## What to produce
Beginning at the top of the data below, restate every line word for word until the line containing "Футболка Arcane Jinx" has been included, and omit the pictures.

## Given entries

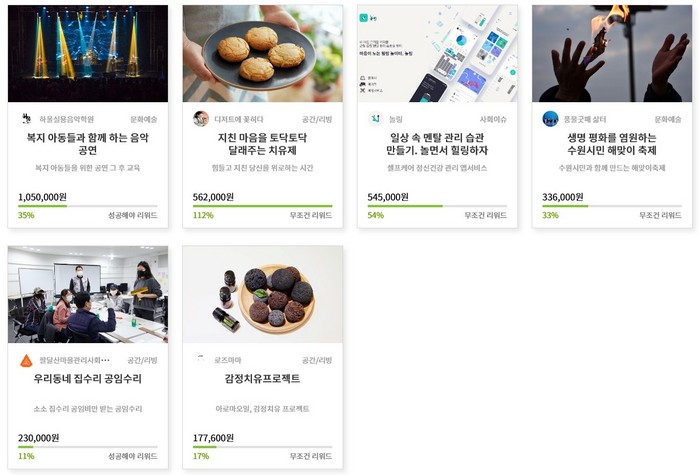 후원형 프로젝트는 ▲복지아동들과 함께하는 음악 공연 ▲지친 마음을 토닥토닥 달래주는 치유제 ▲일상 속 멘탈 관리 습관 만들기, 놀면서 힐링하자 ▲생명 평화를 염원하는 수원시민 해맞이 축제 ▲우리동네 집수리 공임수리 ▲감정치유 프로젝트 등 6개다.
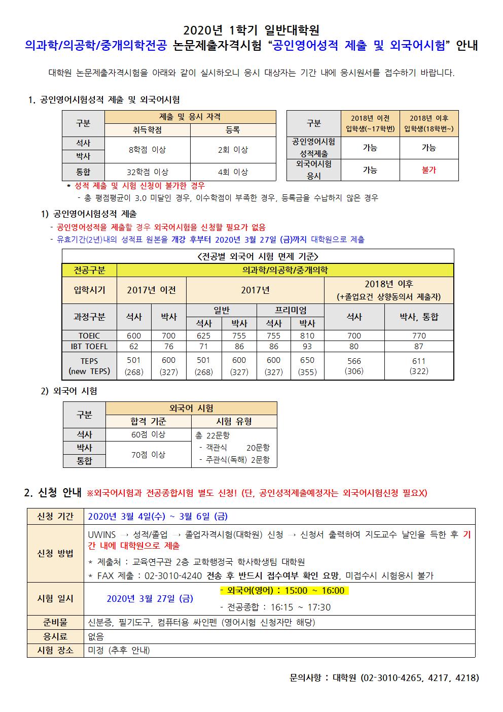 | 2020-1학기 의과학/의공학/중개의학 전공 논문제출자격시험(공인영어성적제출 및 외국어시험) 안내 |
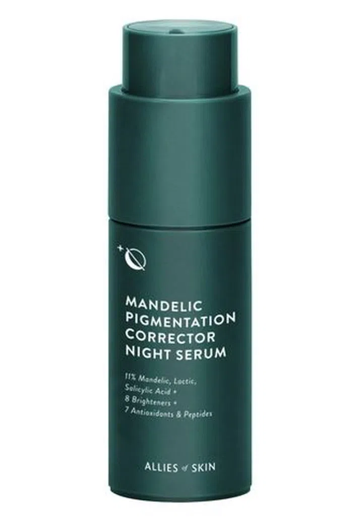 "One must-have product recently in my skincare routine is exfoliating serums with AHAs and BHAs like glycolic acid and salicylic acid, such as Allies of Skin's Mandelic Pigmentation Corrector Night Serum. I’m obsessed with how they work on my skin."
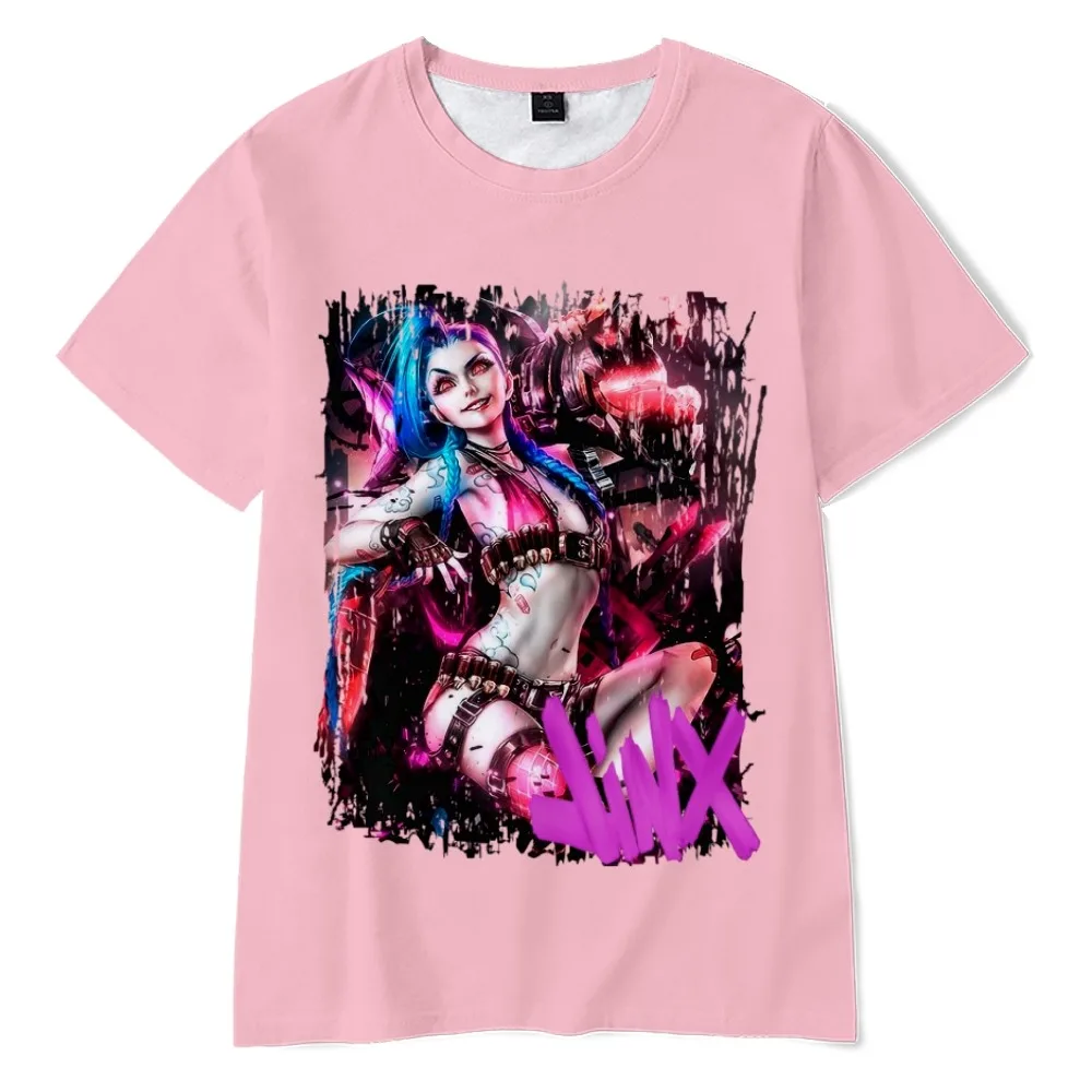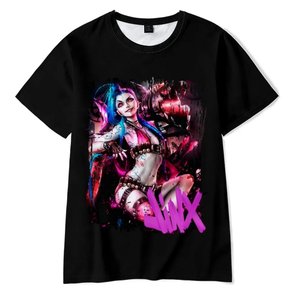 Футболка Arcane Jinx коллекция 2021 года, футболка для ТВ-сериала LOL Game с круглым вырезом для мужчин и женщин, многоцветная Футболка с коротким рукавом в стиле Харадзюку, уличная одежда, модная одежда
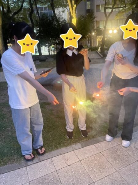 祭りの最後はやっぱり花火がしたい!と生徒会からの申し出で、夏祭りの最後に花火をみんなでしました☺
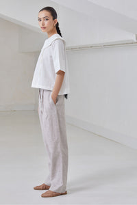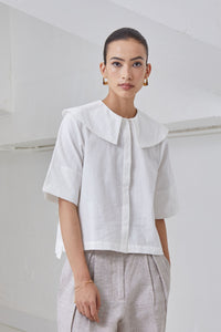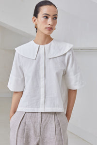 Short top with statement puritan collar. Concealed placket. Slight high-low hemline with side slits. Elbow length sleeves.
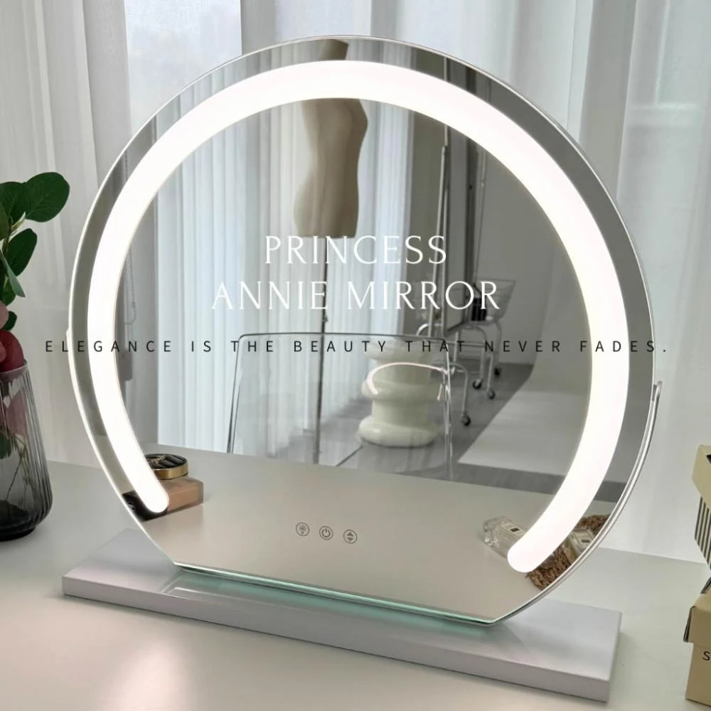 |安妮夢鏡| LED三色光智能化妝鏡 半圓插電款 桌上鏡 高亮度旋轉鏡面
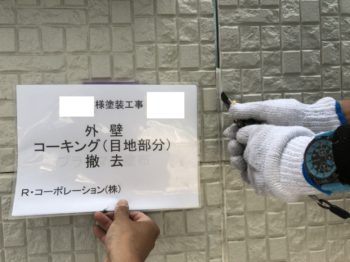 コーキングの亀裂がとてもひどい状態でしたので、コーキングの撤去打替えもご提案させて頂きました。 コーキング撤去打替えは特別な事ではなく、通常塗装工事の際には行う物です。 |
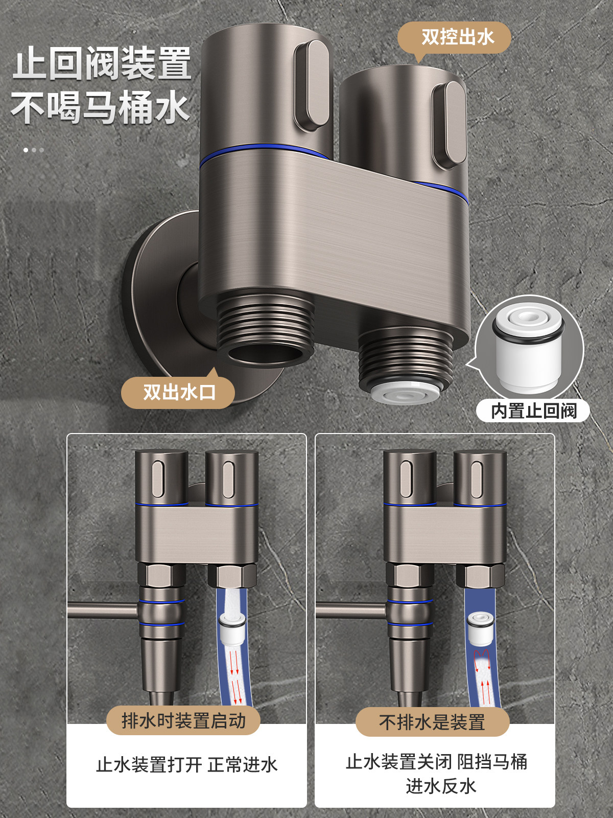 Full copper body water-crossing ash-in-two-out angle valve spray gun toilet partner toilet wash flush toilet double water-Taobao
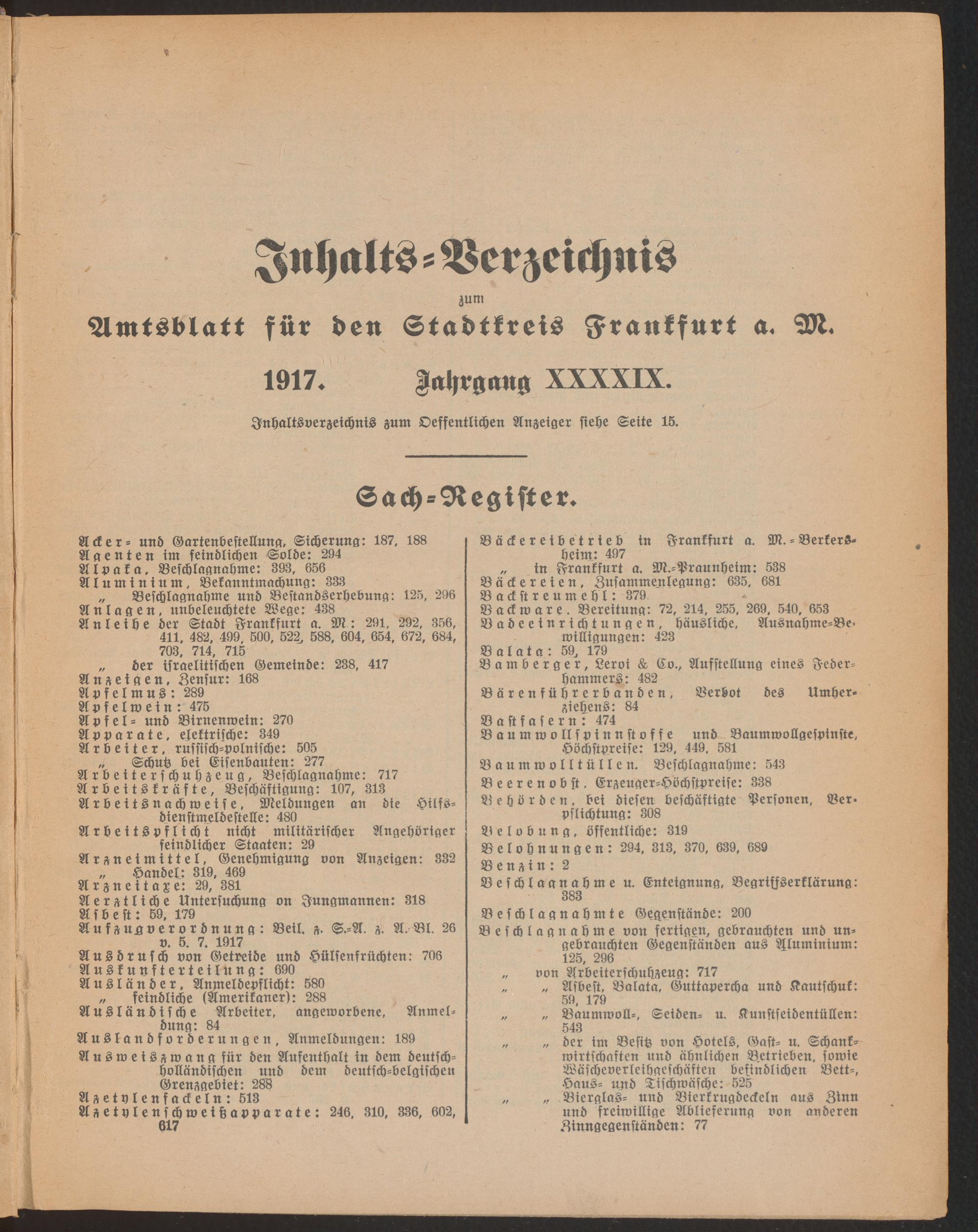 Amtsblatt für den Stadtkreis Frankfurt a.M.....
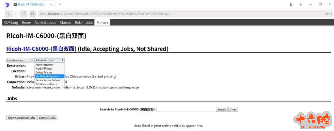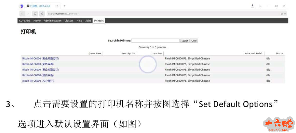 步骤二:设置打印机默认设置1 、打开浏览器输入: localhost:631 2 、选择" printers " 进入打印机列表(如图:)
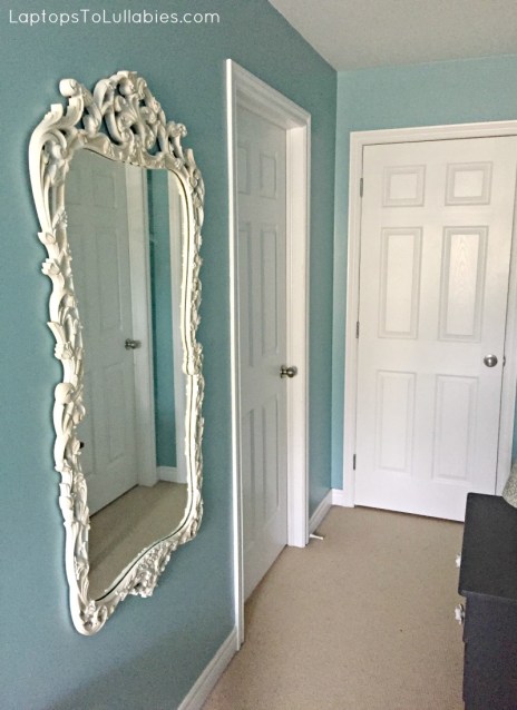 The kids don’t always help me with DIYs —especially painting projects — but I figured there was no harm in getting her ‘assistance’ with the mirror. I knew I could scrape any paint globs off the mirror’s surface and the table was protected …
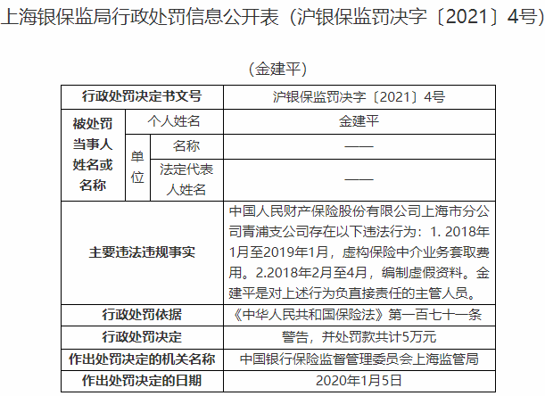 中国经济网北京1月15日讯中国银保监会网站昨日公布的上海银保监局行政处罚信息公开表(沪银保监罚决字〔2021〕4号、5号)显示,中国人民财产保险股份有限公司(以下简称“人保财险”)上海市分公司青浦支公司存在两宗违法违规行为,2018年1月至2019年1月,该公司虚构保险中介业务套取费用;2018年2月至4月,该公司编制虚假资料。金建平是对上述行为负直接责任的主管人员。
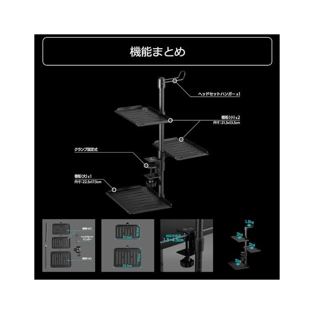 【収納パーツ】棚板(小)×2、棚板(大)×1、ヘッドセットハンガー×1の計4つが付属します。棚板はスマホやペン立てなどの小物収納にも便利です。

## Answer box
 후원형 프로젝트는 ▲복지아동들과 함께하는 음악 공연 ▲지친 마음을 토닥토닥 달래주는 치유제 ▲일상 속 멘탈 관리 습관 만들기, 놀면서 힐링하자 ▲생명 평화를 염원하는 수원시민 해맞이 축제 ▲우리동네 집수리 공임수리 ▲감정치유 프로젝트 등 6개다.
 | 2020-1학기 의과학/의공학/중개의학 전공 논문제출자격시험(공인영어성적제출 및 외국어시험) 안내 |
 "One must-have product recently in my skincare routine is exfoliating serums with AHAs and BHAs like glycolic acid and salicylic acid, such as Allies of Skin's Mandelic Pigmentation Corrector Night Serum. I’m obsessed with how they work on my skin."
 Футболка Arcane Jinx коллекция 2021 года, футболка для ТВ-сериала LOL Game с круглым вырезом для мужчин и женщин, многоцветная Футболка с коротким рукавом в стиле Харадзюку, уличная одежда, модная одежда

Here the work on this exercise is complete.